Doing so speedily cools the body down to temperatures as low as 10°C and is similar to inducing hypothermia. In this state the patient does not breathe and has no pulse or brain activity. They’re clinically dead until doctors begin to reintroduce blood to their cardiovascular system, slowly raising their body temperature back to a normal 37°C.

“We are suspending life, but we don't like to call it suspended animation because it sounds like science fiction," Samuel Tisherman, the surgeon leading the trial, told New Scientist. “So we call it emergency preservation and resuscitation."

This state will be similar to that induced in people who fall into icy lakes. The sudden drop in bodily temperature means that cell functions will slow to a crawl, producing energy via a process called anaerobic glycolysis, giving surgeons a two hour window in which to fix any major structural damage.

The surgery will look a little more like this. (AFP/Brendan Smialowski)

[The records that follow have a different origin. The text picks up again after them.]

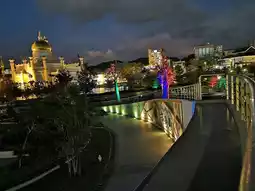 Behind the park, there is a footbridge leads over the Kedayan River to the stilt water villages on the Sungai Brunei.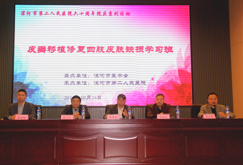 10月16日上午由市醫(yī)學(xué)會(huì)主辦、漯河市二院承辦的市級(jí)繼續(xù)教育項(xiàng)目“皮瓣移植修復(fù)四肢皮膚缺損學(xué)習(xí)班”在市二院成功舉辦。會(huì)議邀請(qǐng)上海華山醫(yī)院手外科陳德松教授和河南省顯微外科研究所袁正江教授蒞臨并作了精彩授課。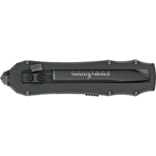 Schrade Out The Front Speed Assisted Folder. Black handle casing. 4 1/2" closed. Black finish stainless blade. Black Zytel handle casing with integrated glass breaker tip. Speed assisted technology allows the blade to be released with the flick of a button. Blade lock mechanism. Pocket clip.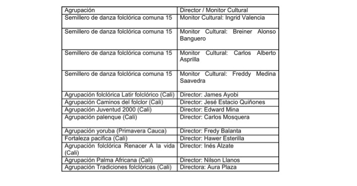 Este certamen, orientado por la maestra Aurelia Carvajal, presenta a las agrupaciones de danzas folclóricas de los barrios pertenecientes a esta comuna, constituida hace más de 20 años y los semilleros que viene realizando procesos de iniciación artística a través del Programa Arte y Cultura en los Territorios, de la Secretaría de Cultura y Turismo de Cali.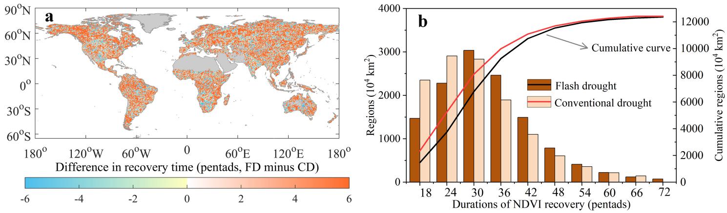 研究指出,骤旱因其突发性和高强度,对植被造成的冲击更大、恢复更慢,可能威胁生态系统生产力、碳汇功能及粮食安全。与传统干旱相比,骤旱留给植被的适应窗口更短,通常需要更快速的应急响应,如紧急灌溉和水资源调配。该研究强调应将骤旱特性纳入气候变化适应策略、生态系统管理与干旱监测体系中,以应对其日益加剧的生态影响。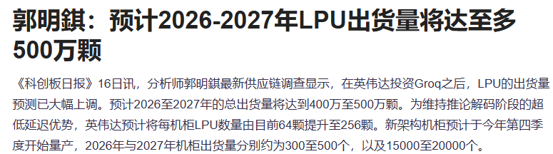 分析师郭明錤最新供应链调查显示,在英伟达投资Groq之后,LPU的出货量预测已大幅上调。预计2026至2027年的总出货量将达到400万至500万颗。为维持推论解码阶段的超低延迟优势,英伟达预计将每机柜LPU数量由目前64颗提升至256颗。新架构机柜预计于今年第四季度开始量产,2026年与2027年机柜出货量分别约为300至500个,以及15000至20000个。受该消息刺激,午盘pcb板块走强。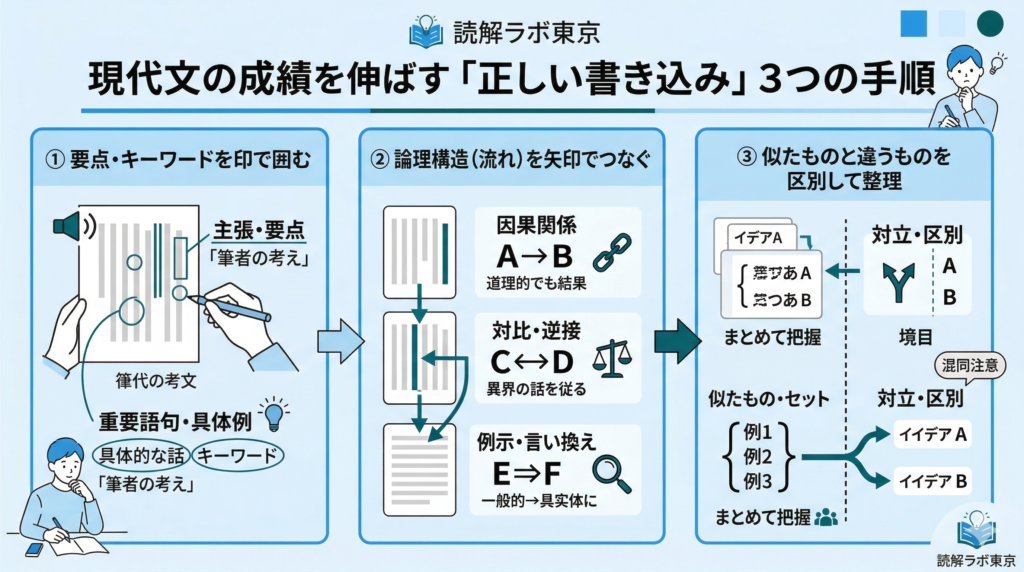 現代文の成績を伸ばす「正しい書き込み」3つの手順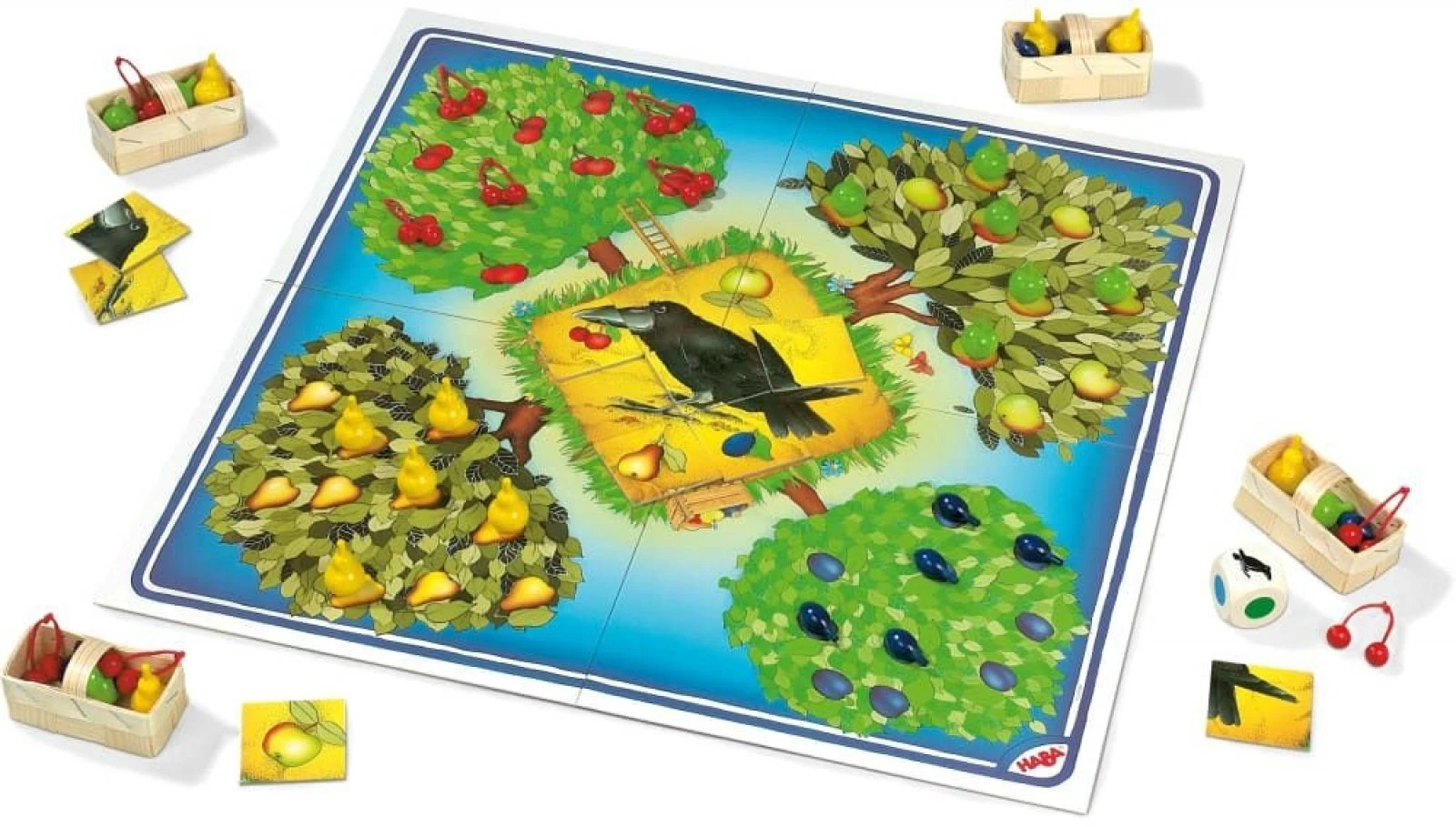- Obsah balení: 10 jablek, 10 hrušek, 10 párů třešní, 10 švestek, 4 koše, 1 skládanka havrana z 8 dílů, 1 barevná kostka se symboly, 1 herní deska, pravidla.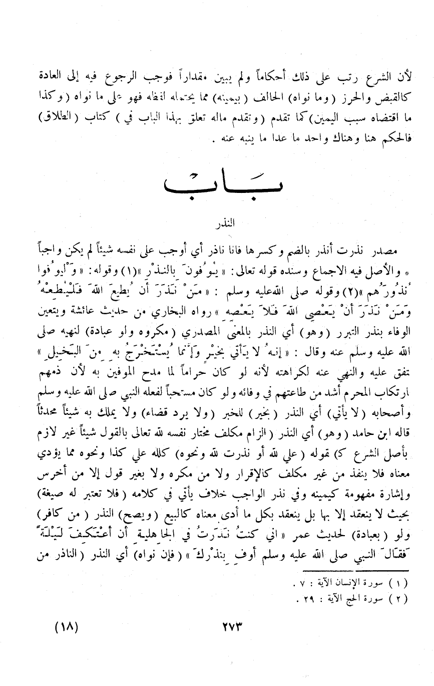 (النَّذْر) مَصْدَرُ نَذَرْتُ أَنْذُرُ بِالضَّمِّ وَكَسْرِهَا فَأَنَا نَاذِرٌ أَيْ أَوْجَبَ عَلَى نَفْسِهِ شَيْئًا لَمْ يَكُنْ وَاجِبًا وَالْأَصْلُ فِيهِ الْإِجْمَاعُ وَسَنَدُهُ قَوْله تَعَالَى: {يُوفُونَ بِالنَّذْرِ} [الإنسان: ٧] وَقَوْله: {وَلْيُوفُوا نُذُورَهُمْ} [الحج: ٢٩] وَقَوْلُهُ - صَلَّى اللَّهُ عَلَيْهِ وَسَلَّمَ -: «مَنْ نَذَرَ أَنْ يُطِيعَ اللَّهَ فَلْيُطِعْهُ وَمَنْ نَذَرَ أَنْ يَعْصِيَ اللَّهَ فَلَا يَعْصِهِ» رَوَاهُ الْبُخَارِيُّ مِنْ حَدِيثِ عَائِشَةَ وَيَتَعَيَّنُ الْوَفَاءُ بِنَذْرِ التَّبَرُّرِ (وَهُوَ) أَيْ النَّذْرُ بِالْمَعْنَى الْمَصْدَرِيِّ (مَكْرُوهُ وَلَوْ عِبَادَةً) لِنَهْيِهِ - صَلَّى اللَّهُ عَلَيْهِ وَسَلَّمَ - عَنْهُ.

The trials are not without controversy. The team at UPMC Presbyterian Hospital will be performing the procedure on individuals rushed straight from the emergency room, with neither patient nor family able to give consent to the treatment. American regulators have only approved the trials because the patients involved would be so unlikely to survive their wounds under normal conditions.

Previous trials of exactly this sort of suspended animation were carried out on pigs by Dr. Hasam Alam back in 2002, with the animals sedated before a massive haemorrhage was artificially induced. The pigs’ hearts usually restarted on their own (although some needed to be shocked back to life) and scientists reported no loss of cognitive or physical function.

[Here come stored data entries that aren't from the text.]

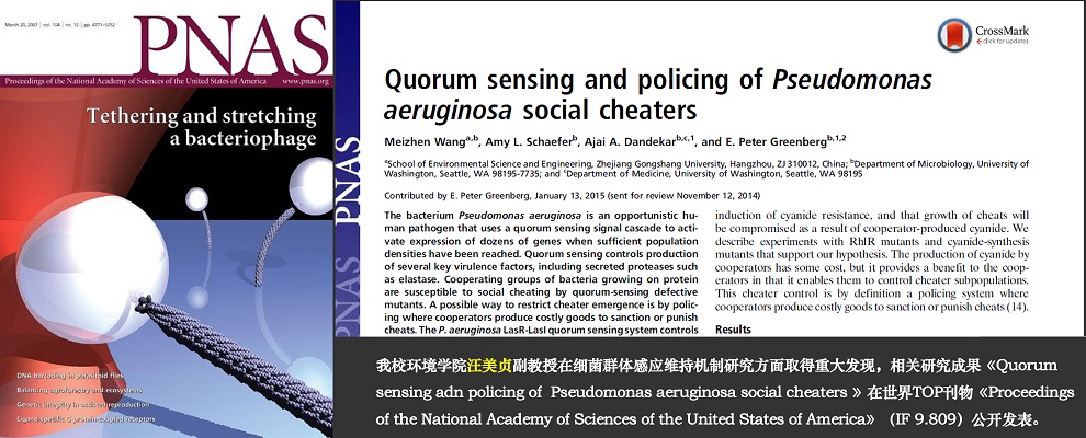 我院汪美贞博士在细菌群体感应维持机制研究方面取得重大发现,相关研究成果《Quorum sensing and policing of Pseudomonas aeruginosa social cheaters 》已正式发表在世界TOP刊物《Proceedings of the National Academy of Sciences of the United States of America》上(IF :9.809)。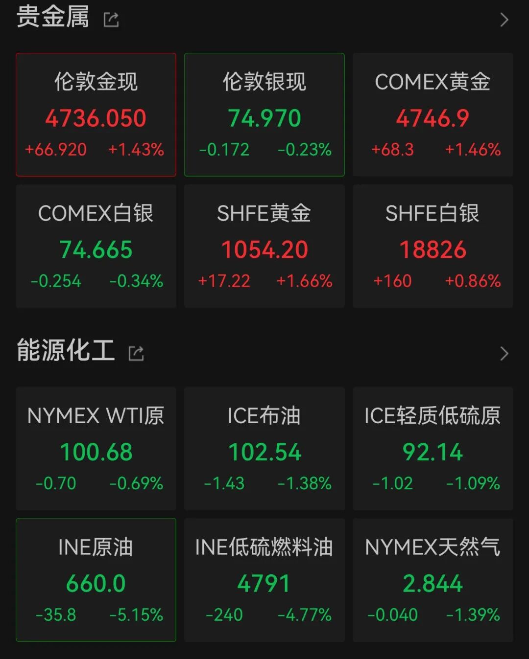 贵金属方面,黄金延续震荡上行态势,伦敦金现已连续4个交易日上涨,重回4700美元/盎司。截至北京时间4月1日21:16,伦敦金现上涨1.43%,报4736.050美元/盎司;COMEX黄金期货上涨1.46%,报4746.9美元/盎司。伦敦银现下跌0.23%,报74.970美元/盎司;COMEX白银期货下跌0.34%,报74.665美元/盎司。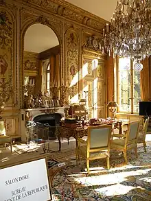 - Palais de l'Élysée, salon doré : bureau du Président de la République. Ce bureau Louis XV a été installé dans cette pièce à la demande du général de Gaulle. Chef d’œuvre du mobilier français, ce bureau est aujourd'hui considéré comme le meuble le plus précieux de l’Élysée[40]. Tous les Présidents de la Ve République, à l'exception de Valéry Giscard d'Estaing qui préféra s'installer dans un bureau d'angle, firent du salon doré leur lieu de travail.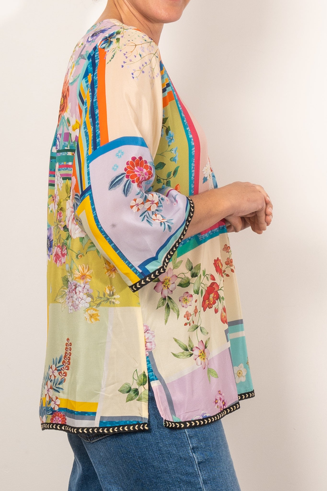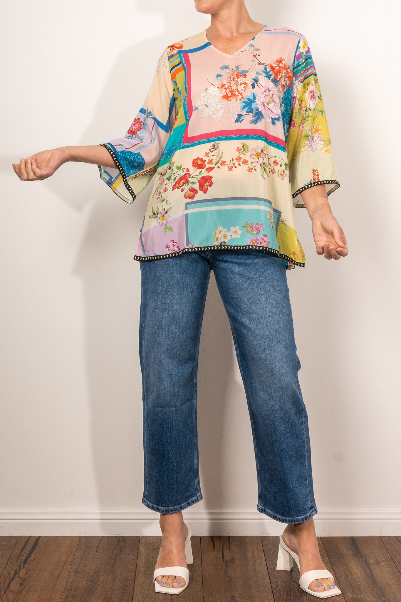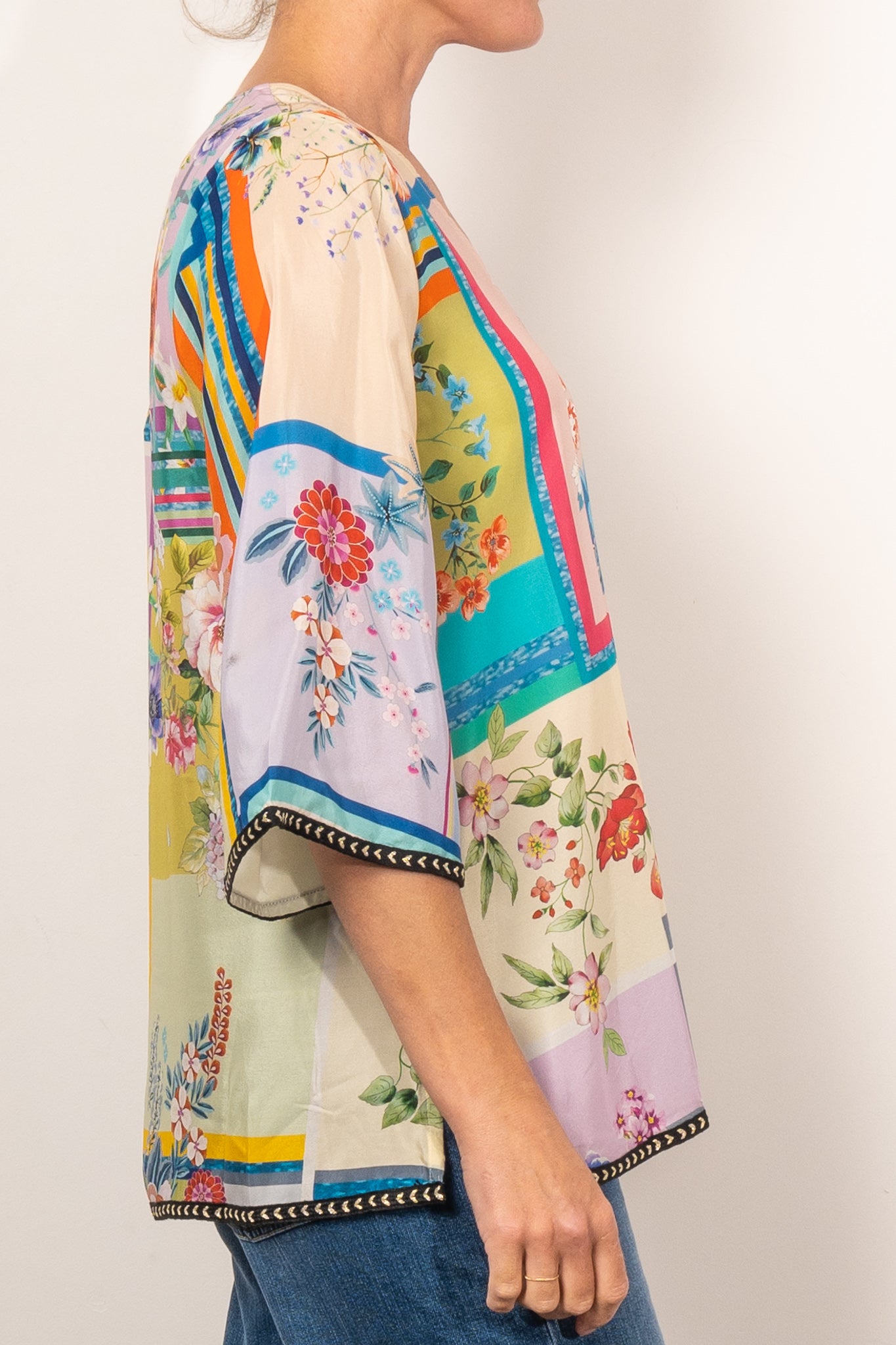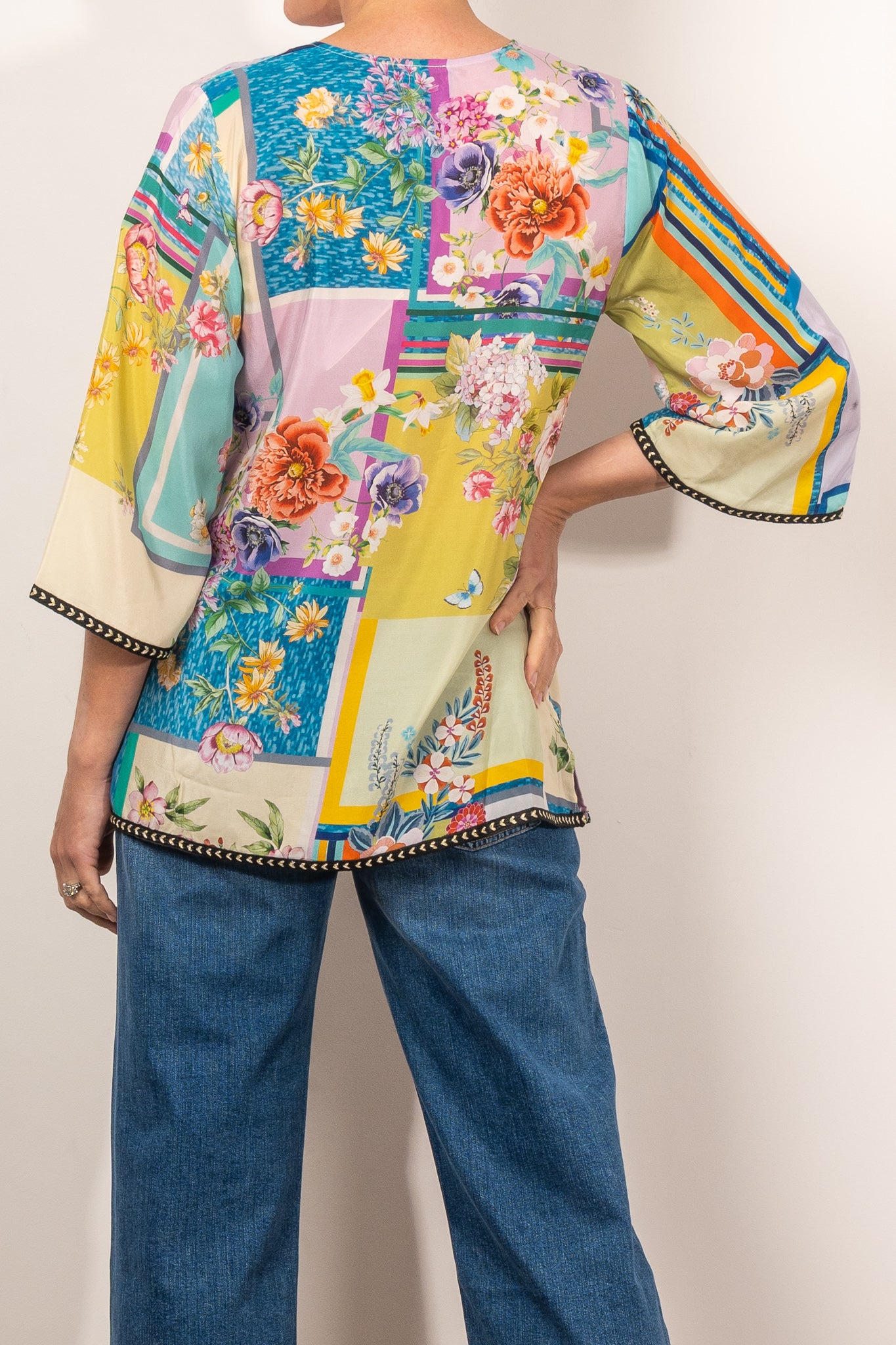 Introducing the Johnny Was Cali Blouse in Stallion - a luxurious 100% silk blouse with a V neckline, wide 3/4 sleeves and relaxed fit. Its colourful floral patchwork print adds an effortless touch of elegance to any outfit.

Peter Rhee, a surgeon who was involved in developing the technique, told New Scientist "After we did those experiments, the definition of 'dead' changed.

"Every day at work I declare people dead. They have no signs of life, no heartbeat, no brain activity. I sign a piece of paper knowing in my heart that they are not actually dead. I could, right then and there, suspend them. But I have to put them in a body bag. It's frustrating to know there's a solution."

Surgeons in Pittsburgh are currently waiting for the first patient to appear that fits their criteria. It will be tested on ten individuals, with the outcome then compared with another ten who also met the criteria but were treated normally. Tests will continue until the team has enough data to analyse.